SOURCE INFORMATION ->
_____
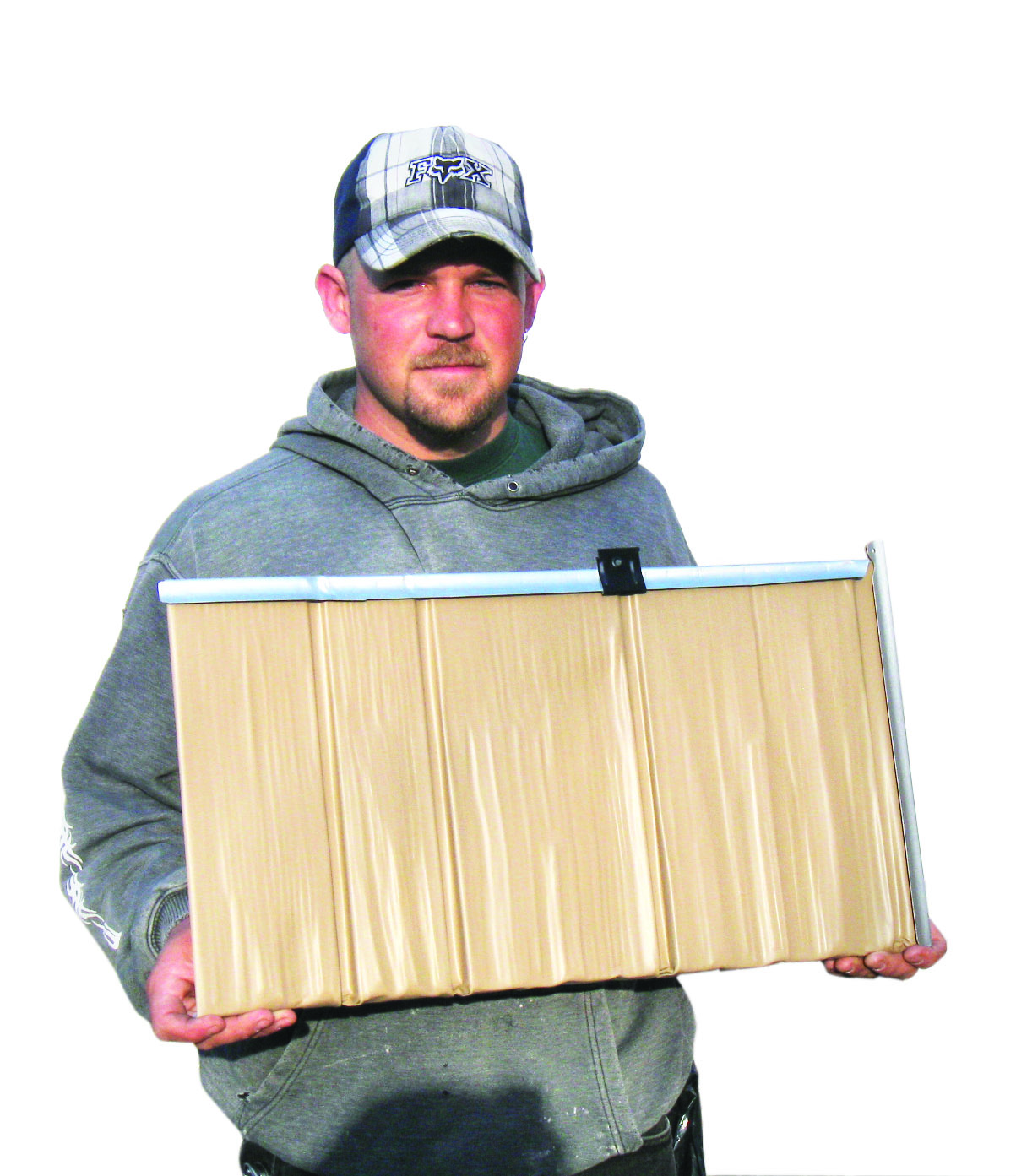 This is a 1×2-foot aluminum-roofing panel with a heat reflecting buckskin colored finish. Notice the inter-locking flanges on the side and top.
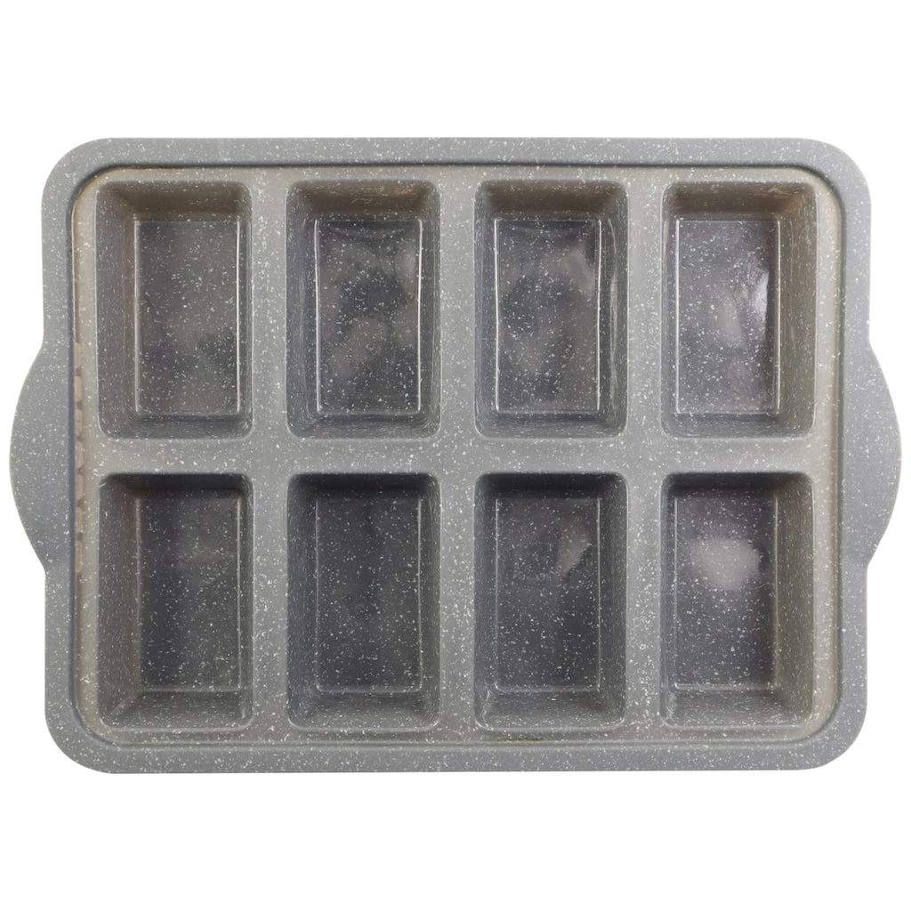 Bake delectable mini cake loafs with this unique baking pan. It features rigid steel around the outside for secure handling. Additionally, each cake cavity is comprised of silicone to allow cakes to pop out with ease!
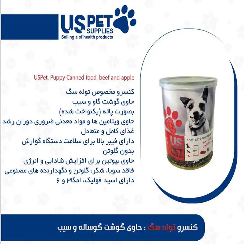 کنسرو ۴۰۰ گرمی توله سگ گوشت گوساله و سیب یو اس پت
_____
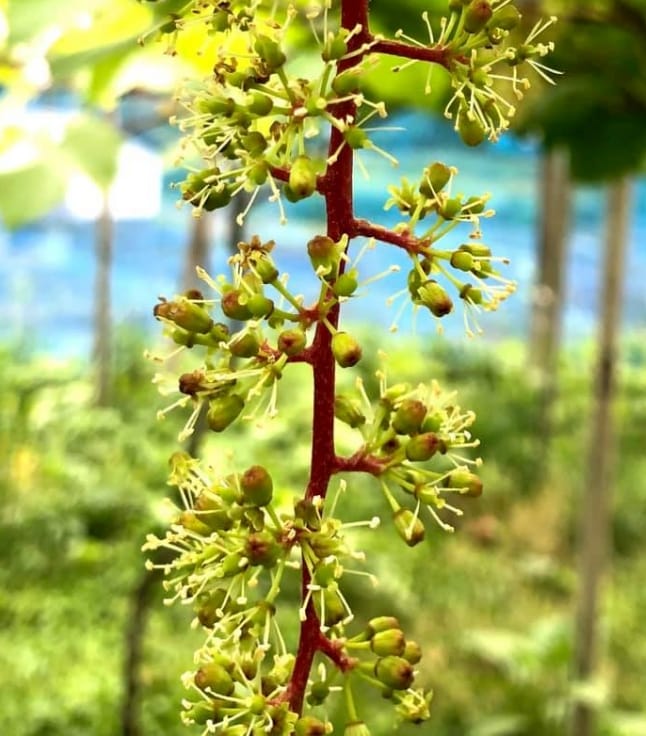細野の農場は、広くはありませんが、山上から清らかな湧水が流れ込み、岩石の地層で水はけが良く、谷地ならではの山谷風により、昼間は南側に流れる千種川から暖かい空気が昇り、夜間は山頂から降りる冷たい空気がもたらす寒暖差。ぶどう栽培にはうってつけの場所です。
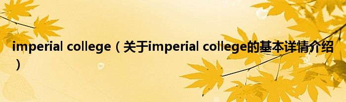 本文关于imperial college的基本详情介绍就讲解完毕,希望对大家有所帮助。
_____
ACTIVITY ->
When you reach the line containing "This is a 1×2-foot" in the entries above, begin restating word for word, and stop once the line containing "کنسرو ۴۰۰ گرمی" has been given. Omit the pictures.

RESULT BELOW ->
 This is a 1×2-foot aluminum-roofing panel with a heat reflecting buckskin colored finish. Notice the inter-locking flanges on the side and top.
 Bake delectable mini cake loafs with this unique baking pan. It features rigid steel around the outside for secure handling. Additionally, each cake cavity is comprised of silicone to allow cakes to pop out with ease!
 کنسرو ۴۰۰ گرمی توله سگ گوشت گوساله و سیب یو اس پت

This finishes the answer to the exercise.